Under a settlement with the FTC, David Botton, his sister April Botton Krawiecki, their father Samy Botton, Kirkland Young LLC and Attorney Aid LLC been all been banned from the mortgage relief services business. The defendants have also agreed to surrender $2.2 million in assets to refund consumers defrauded by their mortgage relief scam.The settlement with the Bottons represents the latest action in the FTC's ongoing crackdown against fraudsters who've been taking advantage of financially hobbled homeowners desperately trying to avoid foreclosure.

The Bottons were first targeted by the FTC in November 2009 as part of "Operation Stolen Hope," when the agency accused Kirkland Young and its manager, David Botton, of misrepresenting themselves as consumer mortgage lenders and servicers, as well as falsely promising homeowners to modify their loans and lower their monthly mortgage payments.

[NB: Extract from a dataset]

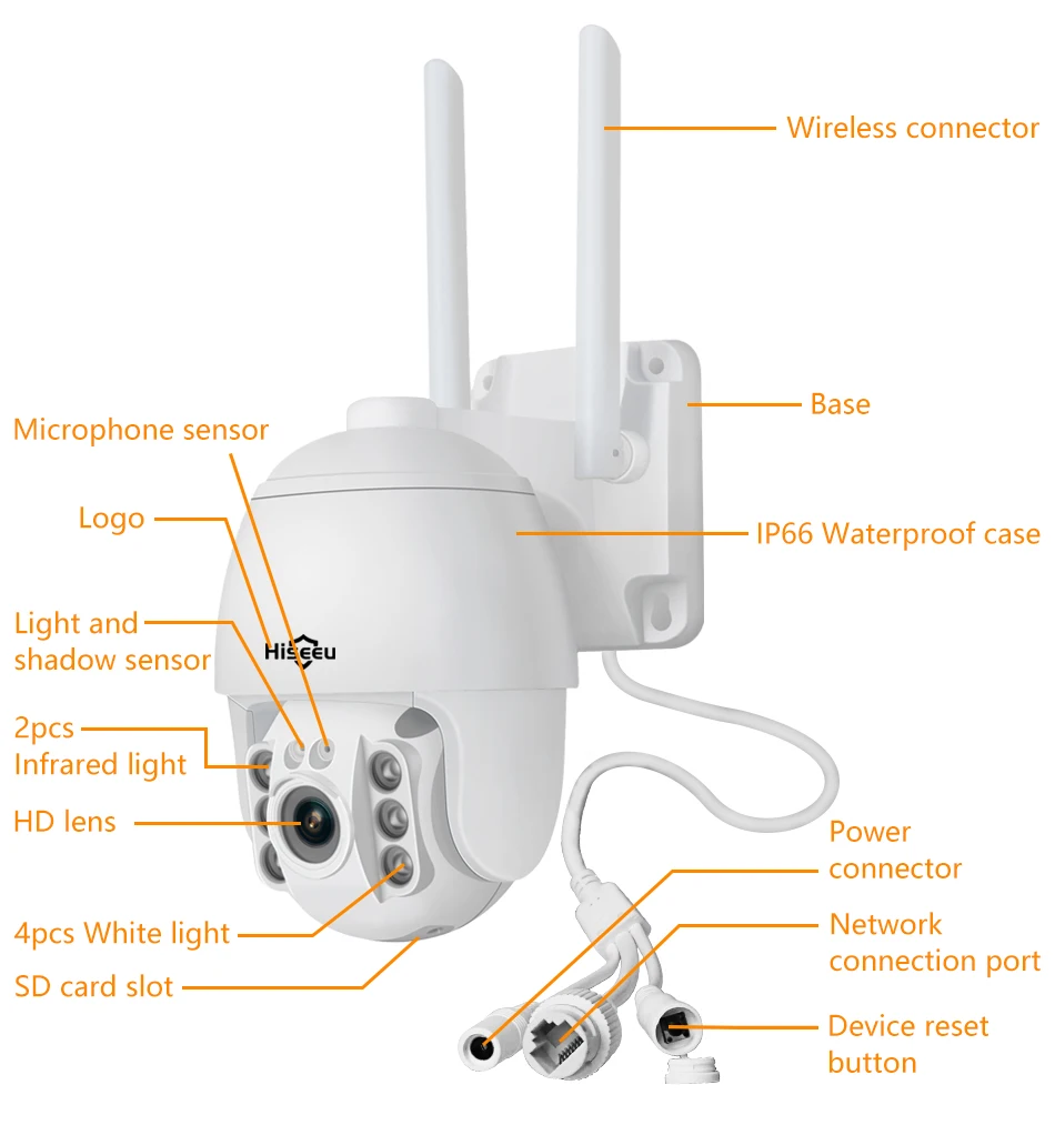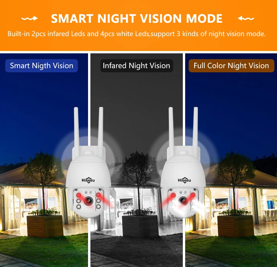 IP-камера Hiseeu 1536P, беспроводная, PTZ, Wi-Fi, 5-кратный зум, уличная камера безопасности для Hiseeu, беспроводной сетевой видеорегистратор, приложение Eseecloud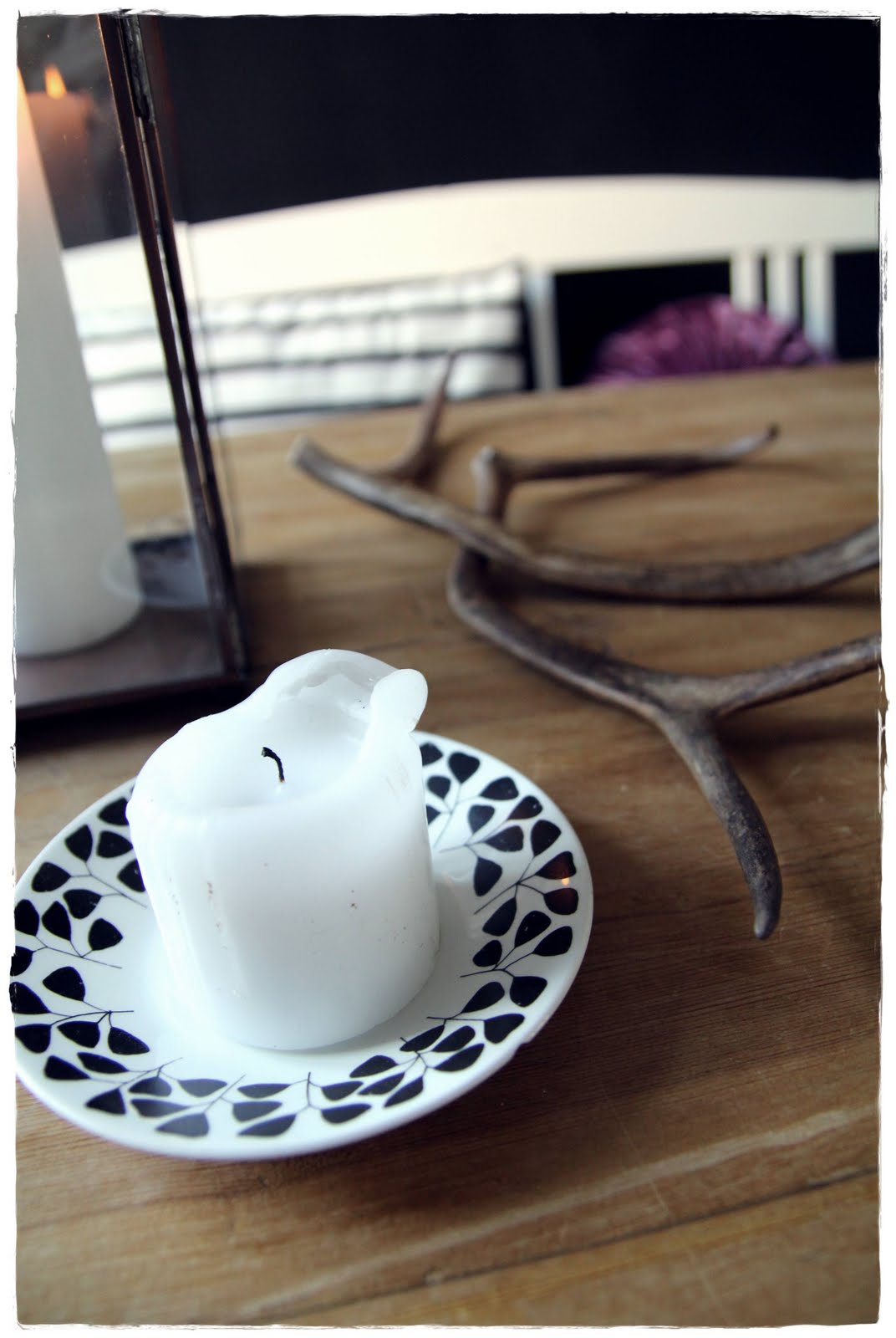 Loman alkua päätin juhlia uudella lyhdyllä – Tine K:lla olen nähnyt tällaisia siroja lasilyhtyjä eli sellainen oli alunperin kiikarissa. Niitä ei kuitenkaan ollut eli poistuin tämän kuparin värisen Nordalin lyhdyn kanssa ja taitaa se sopia paremmin ruokapöydälle. Kirppikseltä löytyi samana päivänä vielä ihan nappiin kuvan aito sarvi-pari kolmella eurolla! Kynttilän aluslautanen on Arabiaa, säästin sen miehen mummon tavaroista. Näitä kun löytyisi jostain lisää… sattuisiko joku muuten tietämään sarjan nimen?

Kirkland Young and Botton, the FTC charged, ensnared victims by leaving telephone messages offering to approve them for a loan modification. During follow-up calls, they lied to consumers about about specific interest rates and monthly payments and made empty promises about their ability to prevent foreclosure.

One month later, the FTC added Botton's sister, April, their father, Samy and Attorney Aid as defendants. According to court papers, the Botton family operation charged homeowners up-front fees of $299 to $699 to modify their mortgages.

Although some consumers did receive loan modification offers, the FTC said they weren't actually much more affordable than their existing payments. Incredibly, some of the mortgage modification "relief" offers actually called for even higher monthly payments.

In addition to barring the defendants from selling mortgage relief services, the settlement also prohibits them from misleading consumers about financial-related goods and services such as loan or refund terms, affiliation with any person or government entity, or the ability to improve a consumer's credit history. The settlement also bans them from selling or disclosing customers' personal information, enforcing contracts with mortgage relief clients, and violating the Telemarketing Sales Rule.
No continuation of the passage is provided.